The AP reported today that, “Greater investment, innovation and improved public-private partnerships are needed to meet the world’s growing demand for food, business and government leaders said at the World Food Prize symposium in the United States.
“The chief executives of DuPont and Archer Daniels Midland Co., two major players in international agriculture, and the agriculture secretary for the Netherlands spoke Wednesday, the first day of the conference in Des Moines.
“All three said demand for food worldwide would double by 2050, and agriculture must meet that demand by increasing production on land already in use.”
Ag Committee Regulatory Issues
House Agriculture Committee Chairman Collin Peterson (D-Minn.) appeared yesterday on the AgriTalk Radio program with Mike Adams. In part, the discussion between Chairman Peterson and Mike Adams focused on financial regulation under the jurisdiction of the Agriculture Committee.
To listen to this portion of the discussion from yesterday’s AgriTalk program, just click here (MP3-5:41).
Recall that Jim Snyder reported last week at The Hill Online that, “A ‘family feud’ between rival ethanol lobbies represents a ‘clear and present danger to the corn industry,’ according to an internal memo written by the president of a third trade association that represents corn farmers.”
DTN Political Correspondent Jerry Hagstrom reported yesterday (link requires subscription) that, “After a nasty exchange of messages among corn and ethanol groups, the National Corn Growers Association said late Tuesday that it will work closely with the Renewable Fuels Association and the American Coalition for Ethanol, but did not mention Growth Energy, the ethanol lobbying group headed by ethanol plant builder Jeff Broin and former U.S. Army General Wesley Clark.
“The messages have revealed that ethanol plant builder Jeff Broin and a handful of other ethanol leaders established Growth Energy in 2008 because they did not believe the NCGA and the RFA were lobbying hard enough for ethanol. Broin, Clark and Tom Buis, Growth Energy’s Washington lobbyist, are also making the case that they have defended the industry and are pursuing its goals more vigorously than the other groups in the last two years.
“NCGA, which lobbies for corn growers on a wide range of issues; RFA, which was founded in 1981 to make the case for ethanol; and Growth Energy have been at odds since Growth Energy was founded last year.”
Mr.

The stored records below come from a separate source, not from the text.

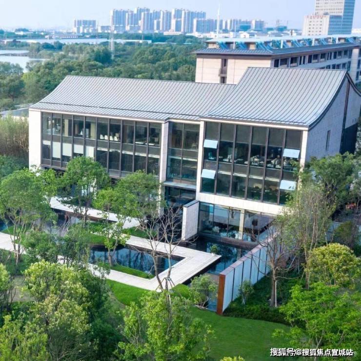 新中式建筑美学:全石材干挂立面,融合江南园林"四进院落"礼序,打造"三环一轴四坊十二巷"景观体系
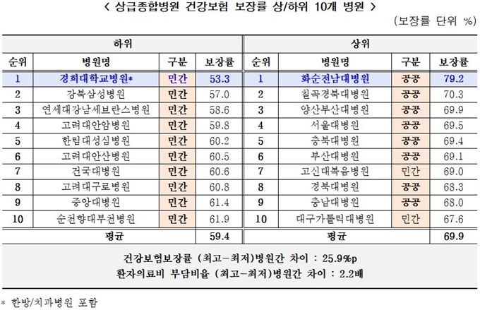 ¹Î°£º´¿øÀÎ °æÈñ´ëº´¿øÀ» Æ÷ÇÔÇØ °Ç°º¸Ç躸Àå·ü ÇÏÀ§ º´¿øÀÎ °ºÏ»ï¼ºº´¿ø, °³²¼¼ºê¶õ½ºº´¿ø, °í·Á´ë¾È¾Ïº´¿ø µîÀº 60%¿¡µµ ¹ÌÄ¡Áö ¸ø Çß°í, ¹Ý¸é °ø°øº´¿øÀΠȼøÀü³²´ëº´¿ø, Ä¥°î°æºÏ´ëº´¿ø µîÀº 70%¸¦ ³Ñ¾ú´Ù.
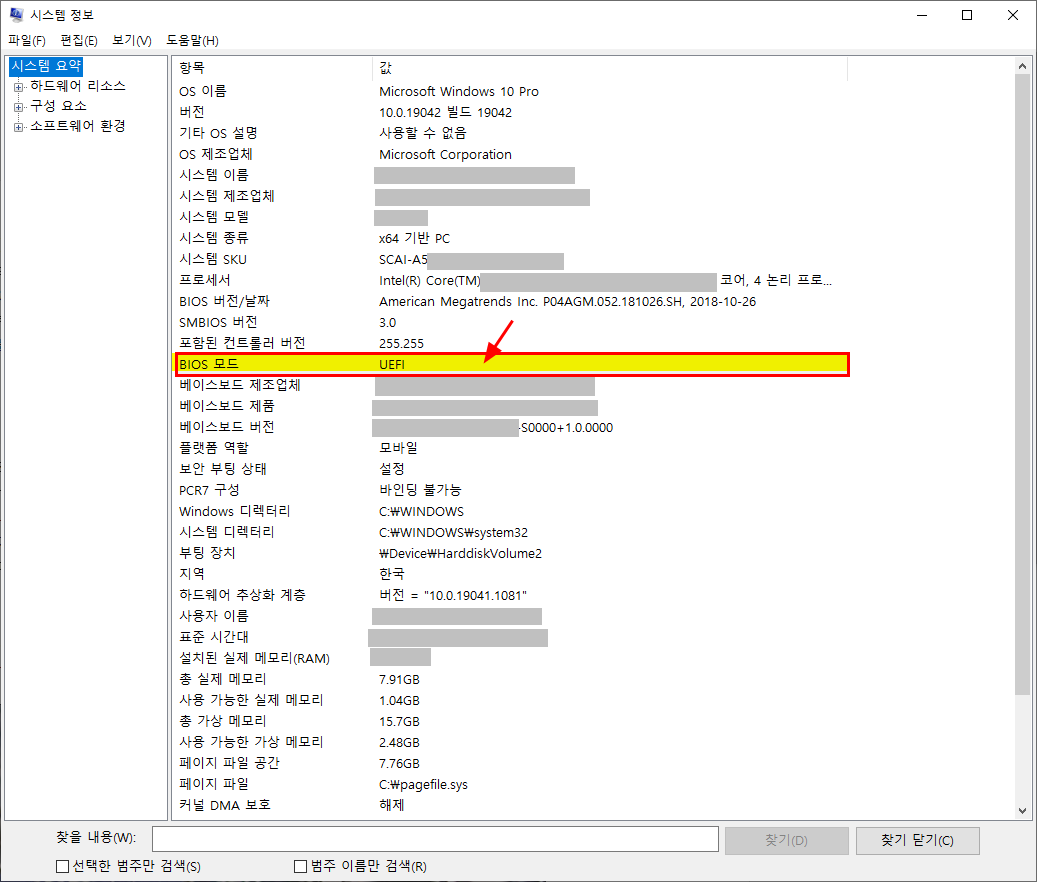 여러 항목 중에 BIOS 모드 쪽 확인을 하면 이렇게 UEFI 라고 적혀 있다.
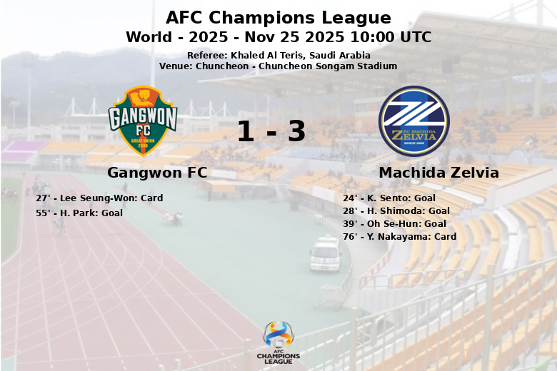 En seconde période, le Gangwon FC a tenté de réagir et a réussi à réduire l’écart à la 55e minute grâce à un but de H. Park, sur une passe décisive de Kim Dae-Won. Cependant, malgré sa domination territoriale et un total de 11 tirs, dont 4 cadrés, le Gangwon FC n’a pas pu inverser le résultat. Machida Zelvia, avec 9 tirs au total (3 cadrés), a su profiter de ses opportunités et défendre son avance jusqu’à la fin. Le match, arbitré par Khaled Al Teris d’Arabie saoudite, a été marqué par un nombre élevé de fautes de Machida Zelvia (14), qui a également reçu un carton jaune (Y. Nakayama). Le Gangwon FC a reçu un carton jaune (Lee Seung-Won).
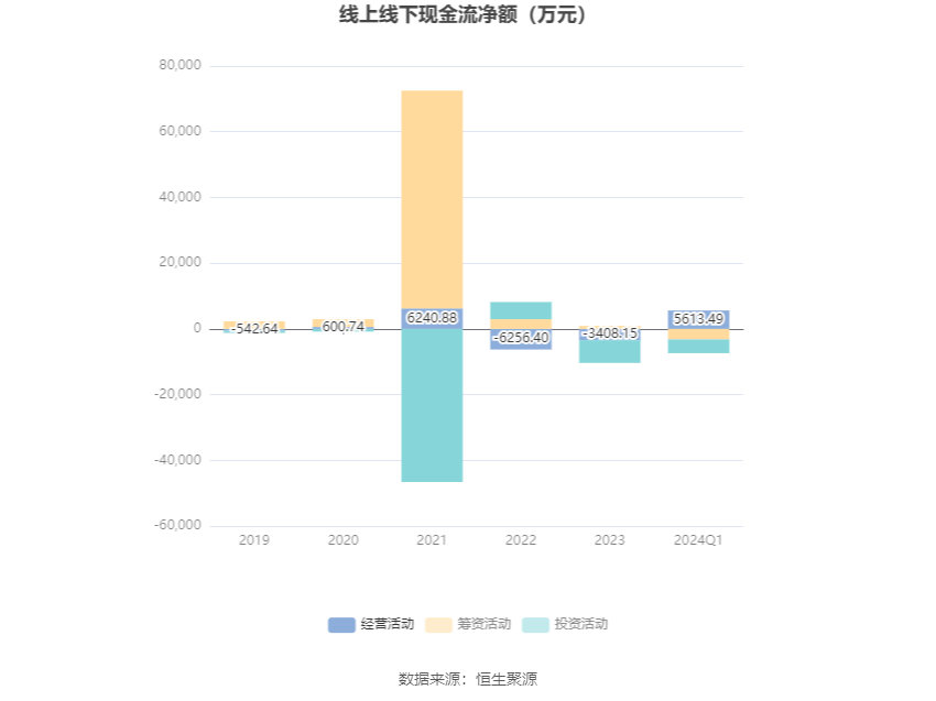 2024年第一季度,公司经营活动现金流净额为5613.49万元,同比增加7913.14万元;筹资活动现金流净额-3186.10万元,同比增加403.51万元;投资活动现金流净额-4188.55万元,上年同期为279.08万元。

Hagstrom indicated that, “Their battles became public on Oct. 2 when NCGA President Darrin Ihnen, a South Dakota farmer, sent Renewable Fuels and Growth Energy a memorandum stating that he was tired of the ‘friction and divergence in the ethanol industry’ and that the two groups needed to ‘reconcile immediately.’ Ihnen suggested that the two groups agree to binding arbitration, with NCGA as the facilitator.
“Last Friday, RFA and Growth Energy each sent NCGA a letter saying that all corn and ethanol groups should work together, but rejecting the binding arbitration proposal as impractical and legally impossible. RFA Chairman Chris Standlee emphasized that his group has a long history of working with NCGA and wants to continue it.
“Growth Energy’s Clark and Broin, in their reply to NCGA, said the founders of Growth Energy had spent ‘countless hours and significant dollars’ trying to unify the ethanol industry before deciding they needed their own group.”